__MATERIAL TO PROCESS__:
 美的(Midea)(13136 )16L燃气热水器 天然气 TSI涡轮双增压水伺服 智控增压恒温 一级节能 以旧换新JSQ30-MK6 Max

* * *

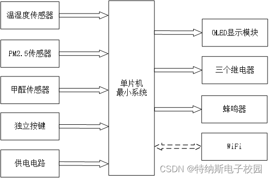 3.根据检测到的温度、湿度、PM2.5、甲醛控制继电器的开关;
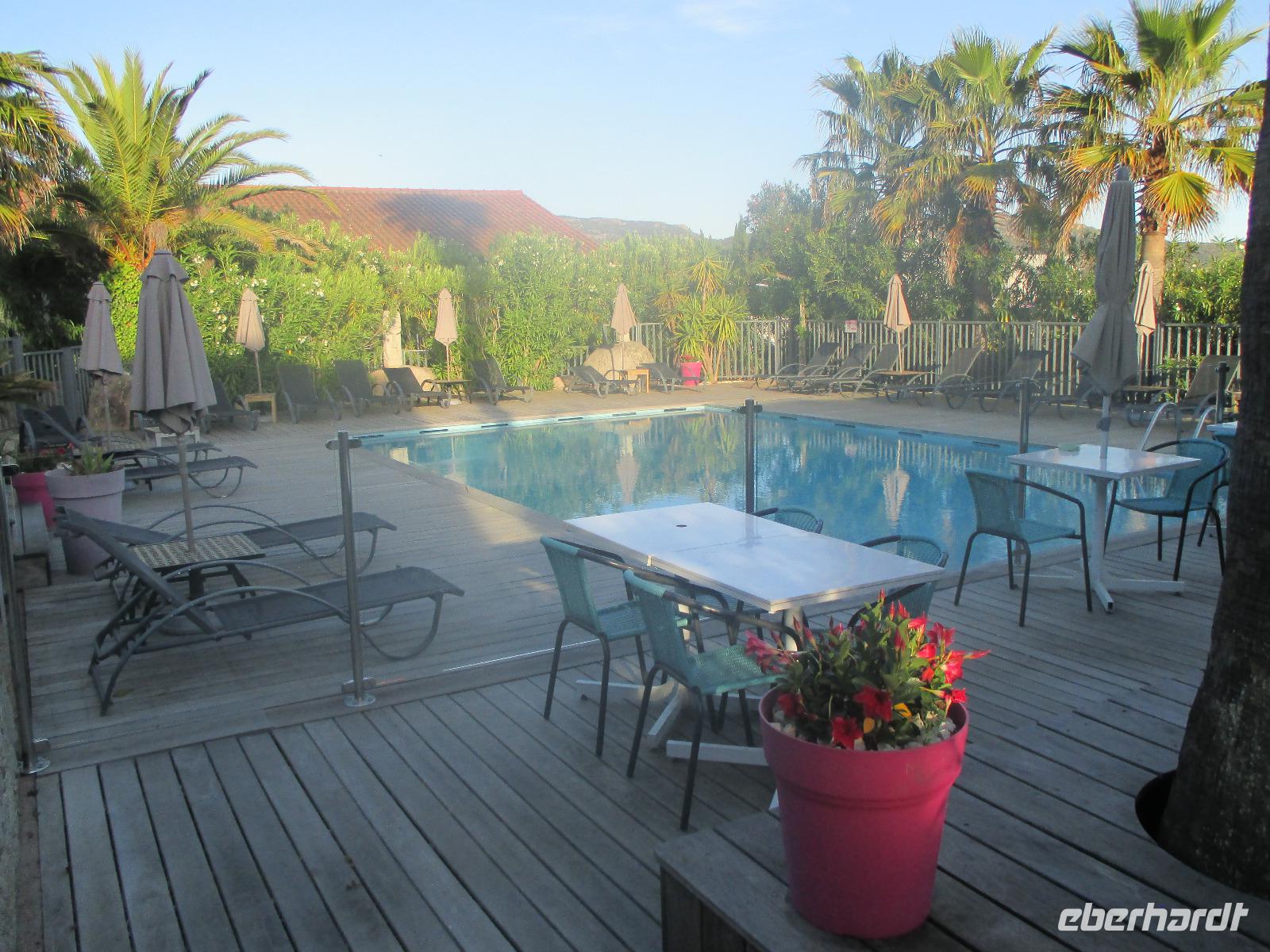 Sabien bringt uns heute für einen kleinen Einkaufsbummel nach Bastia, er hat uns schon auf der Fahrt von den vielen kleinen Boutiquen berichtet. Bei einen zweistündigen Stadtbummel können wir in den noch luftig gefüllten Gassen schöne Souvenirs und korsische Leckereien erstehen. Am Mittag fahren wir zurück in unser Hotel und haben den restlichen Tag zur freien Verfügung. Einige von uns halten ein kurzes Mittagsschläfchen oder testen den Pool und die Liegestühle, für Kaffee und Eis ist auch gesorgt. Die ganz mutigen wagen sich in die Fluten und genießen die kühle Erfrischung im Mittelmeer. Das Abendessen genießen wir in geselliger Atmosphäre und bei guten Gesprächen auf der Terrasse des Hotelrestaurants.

==

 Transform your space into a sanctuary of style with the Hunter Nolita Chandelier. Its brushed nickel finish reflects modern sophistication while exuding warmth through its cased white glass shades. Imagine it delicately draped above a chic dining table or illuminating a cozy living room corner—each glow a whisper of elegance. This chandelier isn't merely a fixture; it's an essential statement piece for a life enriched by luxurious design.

__EXERCISE__:
All that should be printed is the run of lines above from the one with "3.根据检测到的温度、湿度、PM2.5、甲醛控制继电器的开关;" through the one with "Sabien bringt uns", both included, exactly as given, with pictures left out.

__EXERCISE RESULT__:
 3.根据检测到的温度、湿度、PM2.5、甲醛控制继电器的开关;
 Sabien bringt uns heute für einen kleinen Einkaufsbummel nach Bastia, er hat uns schon auf der Fahrt von den vielen kleinen Boutiquen berichtet. Bei einen zweistündigen Stadtbummel können wir in den noch luftig gefüllten Gassen schöne Souvenirs und korsische Leckereien erstehen. Am Mittag fahren wir zurück in unser Hotel und haben den restlichen Tag zur freien Verfügung. Einige von uns halten ein kurzes Mittagsschläfchen oder testen den Pool und die Liegestühle, für Kaffee und Eis ist auch gesorgt. Die ganz mutigen wagen sich in die Fluten und genießen die kühle Erfrischung im Mittelmeer. Das Abendessen genießen wir in geselliger Atmosphäre und bei guten Gesprächen auf der Terrasse des Hotelrestaurants.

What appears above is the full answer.